In a recent post titled Unweaving the rainbow, Matt Hall described our joint attempt (partly successful) to create a Python tool to enable recovery of digital data from any pseudo-colour scientific image (and a seismic section in particular, like the one in Figure 1), without any prior knowledge of the colormap.
Please check our GitHub repository for the code and slides and watch Matt’s talk (very insightful and very entertaining) from the 2017 Calgary Geoconvention below:
In the next two post, coming up shortly, I will describe in greater detail my contribution to the project, which focused on developing a computer vision pipeline to automatically detect where the seismic section is located in the image, rectify any distortions that might be present, and remove all sorts of annotations and trivia around and inside the section. The full workflow is included below (with sections I-VI developed to date):
- I – Image preparation, enhancement:
- Convert to gray scale
- Optional: smooth or blur to remove high frequency noise
- Enhance contrast
- II – Find seismic section:
- Convert to binary with adaptive or other threshold method
- Find and retain only largest object in binary image
- Fill its holes
- Apply opening and dilation to remove minutiae (tick marks and labels)
- III – Define rectification transformation
- Detect contour of largest object find in (2). This should be the seismic section.

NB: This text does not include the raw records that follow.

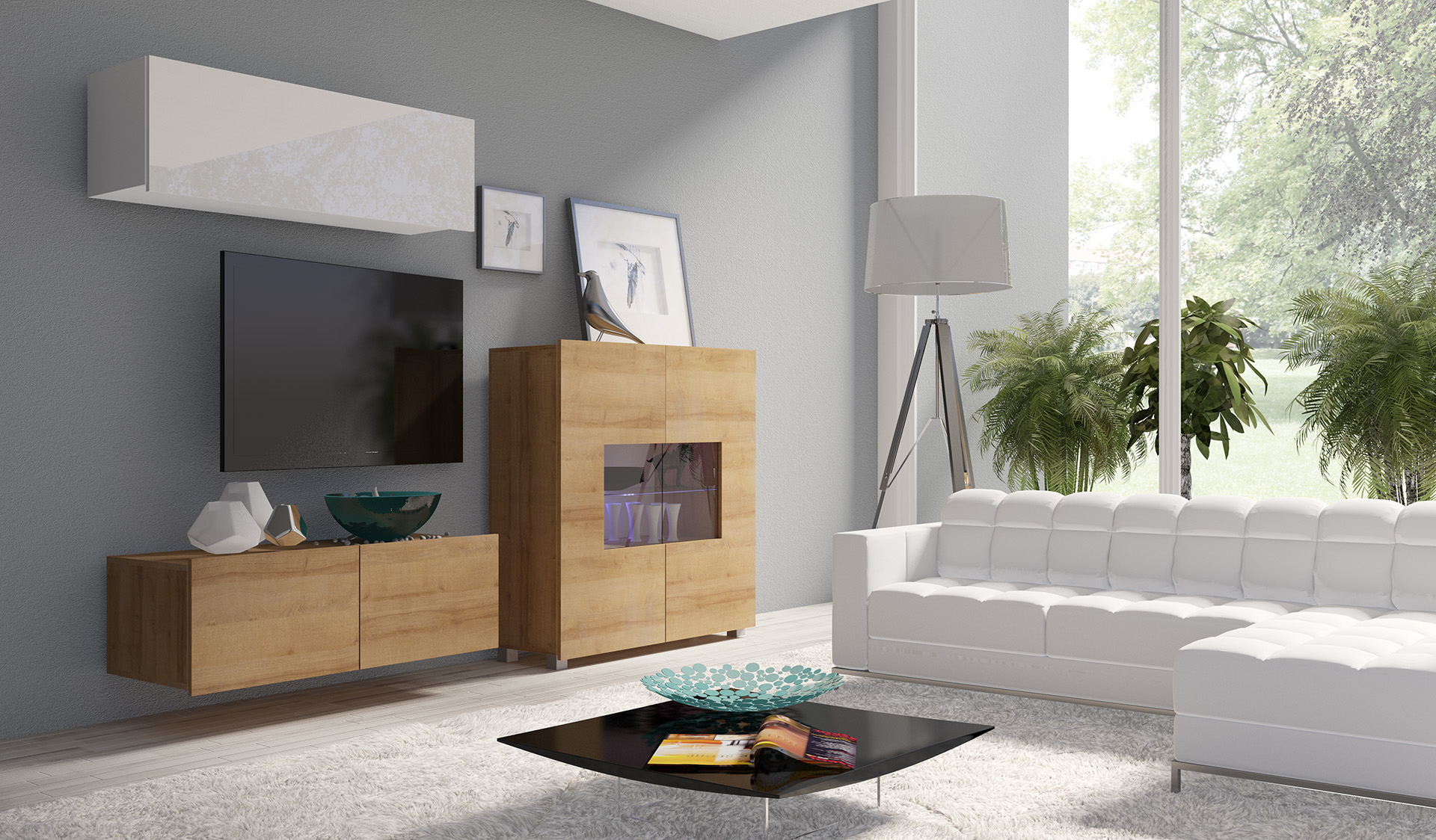 Pekná polica na zavesenie CALABRINI je vyrobená z kvalitných laminátových materiálov. Predné časti nábytku sú z MDF. ABS hrana je odolnejšia proti poškodeniu.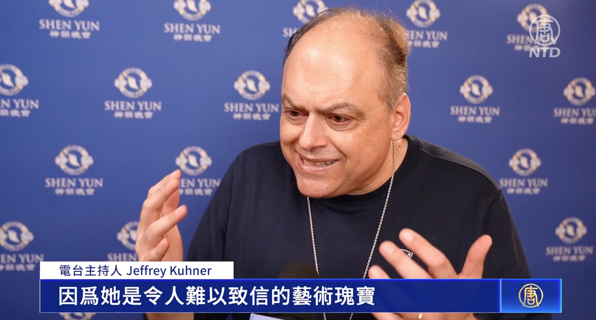 二零二三年十二月二十八日至三十一日,美国神韵巡回艺术团在波士顿博赫王安剧院上演了五场演出。美国电台知名保守派节目“The Kuhner Report”主持人杰弗里·库纳(Jeffrey Kuhner)带着全家再度观看了三十日的神韵演出后赞叹,神韵是令人难以置信的艺术瑰宝,展现了真正的中国。  图15:美国电台知名保守派节目“The Kuhner Report”主持人杰弗里·库纳(Jeffrey Kuhner)在接受采访。(新!唐!人:电视截图) |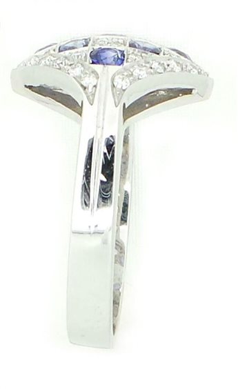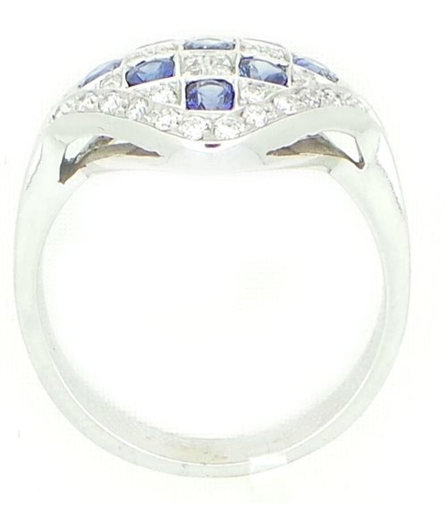 <p>Anello in oro bianco 750/°°° con zaffiri naturali Ceylon ct 0.91 e diamanti taglio rotondo a brillante ct 0.33 complessivi, peso totale g. 6.30</p>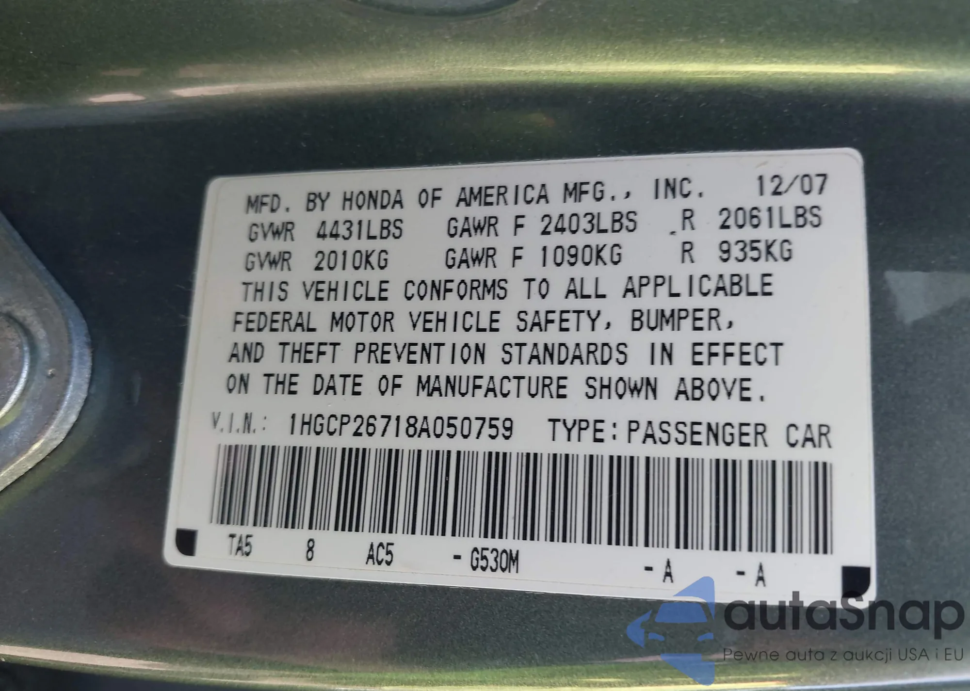 • VIN 1HGCP26718A050759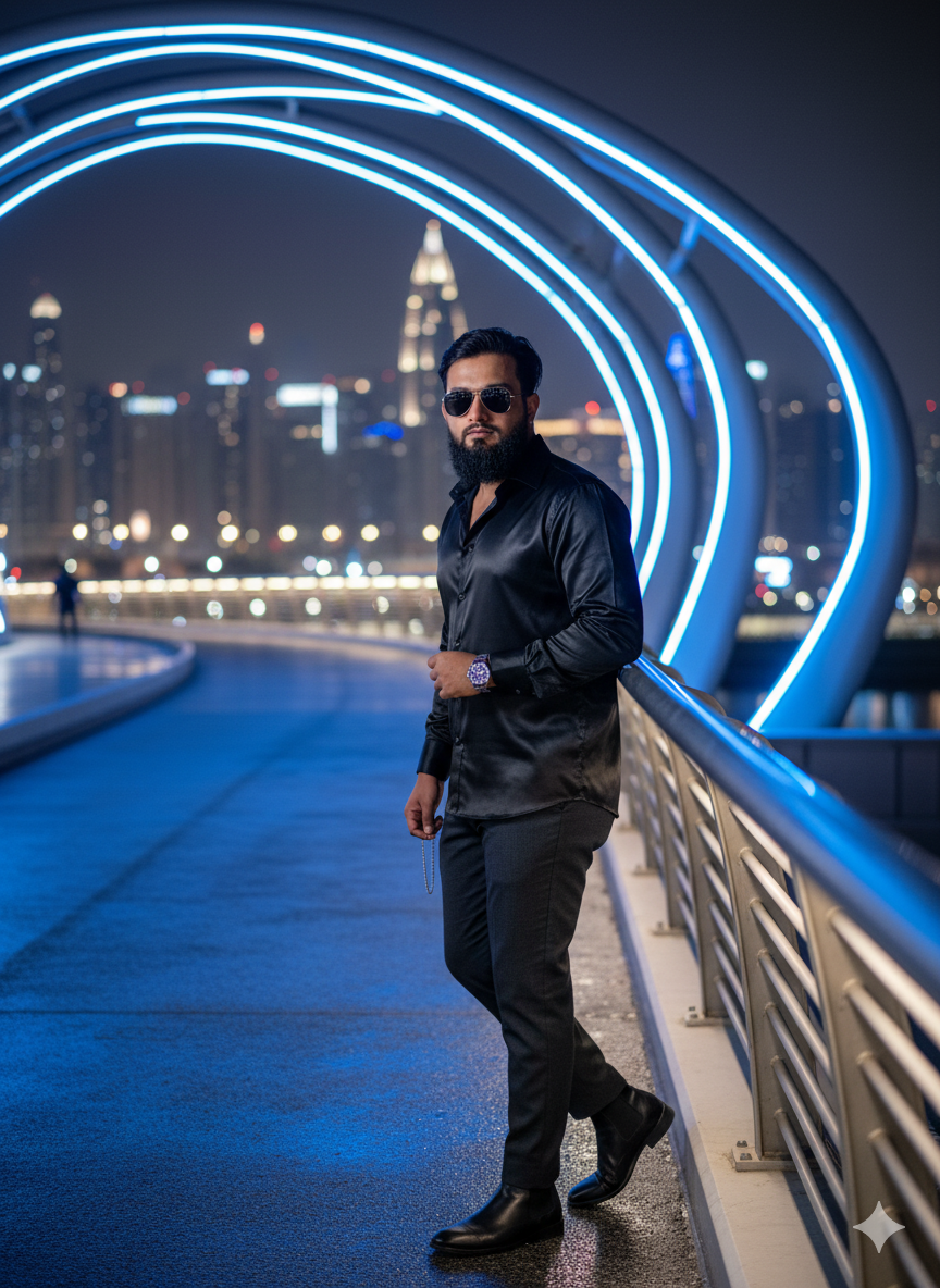 Ultra hyper-realistic 8K cinematic full-body portrait of the same man (exact face & hairstyle from reference) standing stylishly on Meydan Bridge, Dubai at night under glowing blue neon lights and wet road reflections. Wearing a black satin shirt, dark grey trousers, and black Chelsea boots with a silver chain, a luxury watch, and sunglasses reflecting city lights. Cinematic Dubai skyline bokeh, detailed lighting, fabric shine, and depth ultimately enhanced hyper-realistic night photoshoots. Use the same face upload image

- Approximate contour with polygon with enough tolerance to ensure it has 4 sides only
- Sort polygon corners using angle from centroid
- Define new rectangular image using length of largest long and largest short sides of initial contour
- Estimate and output transformation to warp polygon to rectangle
- IV – Warp using transformation
- V – Blanking annotations inside seismic section (if rectangular):
- Start with output of (4)
- Pre-process and apply canny filter
- Find contours in the canny filter smaller than input size
- Sort contours (by shape and angular relationships or diagonal lengths)
- Loop over contours:
- Approximate contour
- If approximation has 4 points AND the 4 semi-diagonals are of same length: fill contour and add to mask
- VI – Use mask to remove text inside rectangle in the input and blank (NaN) the whole rectangle.
- VII – Optional: tools to remove arrows and circles/ellipses:
- For arrows – contours from (4) find ones with 7 sizes and low convexity (concave) or alternatively Harris corner and count 7 corners, or template matching
- For ellipses – template matching or regionprops
- VIII – Optional FFT filters to remove timing lines and vertical lines
You can download from GitHub all the tools for the automated workflow (parts I-VI) in the module mycarta.py, as well as an example Jupyter Notebook showing how to run it.
The first post focuses on the image pre-processing and enhancement, and the detection of the seismic line (sections I and II, in green); the second one deals with the rectification of the seismic (sections IV to V, in blue). They are not meant as full tutorials, rather as a pictorial road map to (partial) success, but key Python code snippets will be included and discussed.